Para o palestrante, as empresas que flertaram com novas ideias conseguiram sobreviver com mais resiliência e sair com mais rapidez da crise motivada pela pandemia. “O maior momento de pensar em mudanças é quando essas ainda não se tornaram urgentes. Empresas que sempre flertaram com novas ideias, tiveram mais facilidade frente a mudanças mais radicais”, afirmou.

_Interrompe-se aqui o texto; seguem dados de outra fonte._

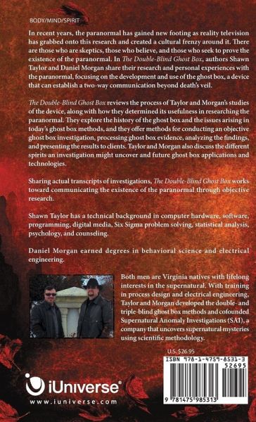 In recent years, the paranormal has gained new footing as reality television has grabbed onto this research and created a cultural frenzy around it. There are those who are skeptics, those who believe, and those who seek to prove the existence of the paranormal. In The Double-Blind Ghost Box, authors Shawn Taylor and Daniel Morgan share their research and personal experiences with the paranormal, focusing on the development and use of the ghost box, a device that can establish a two-way communication beyond death's veil. The Double-Blind Ghost Box reviews the process of Taylor and Morgan's studies of the device, along with how they determined its usefulness in researching the paranormal. They explore the history of the ghost box and the issues arising in today's ghost box methods, and they offer methods for conducting an objective ghost box investigation, processing ghost box evidence, analyzing the findings, and presenting the results to clients. Taylor and Morgan also discuss the different spirits an investigation might uncover and future ghost box applications and technologies. Sharing actual transcripts of investigations, The Double-Blind Ghost Box works toward communicating the existence of the paranormal through objective research. Shawn Taylor has a technical background in computer hardware, software, programming, digital media, Six Sigma problem solving, statistical analysis, psychology, and counseling. Daniel Morgan earned degrees in behavioral science and electrical engineering.

Papel do líder no pós-pandemia encerra Fórum de Hotéis Independentes

Marcelo De Elias provocou a reflexão do público com importantes considerações na última palestra do Fórum Brasileiro de Hotéis Independentes na 58ª Equipotel (Foto: Hugo Okada)

A pandemia e seus efeitos

Tudo o que vinha sendo delineado no mundo moderno foi acelerado pela pandemia. “O home-office, a vídeo-conferência, tudo isso já vinha acontecendo antes da pandemia. Mas é preciso estar aberto para mudanças. Hoje o jeito de fazer sucesso, é mudar, a mudança virou uma virtude. Muitas pessoas que nunca abriram conta corrente no celular, abriram agora. Pessoas humildes se viram obrigadas a entrar no ambiente digital. O movimento pendular é histórico: de um lado segurança e do outro, liberdade. As pessoas querem liberdade e é onde muitas portas voltam a abrir. Mas essa retomada muda e esse é o grande risco, não adianta vivenciar o futuro com a mente velha”.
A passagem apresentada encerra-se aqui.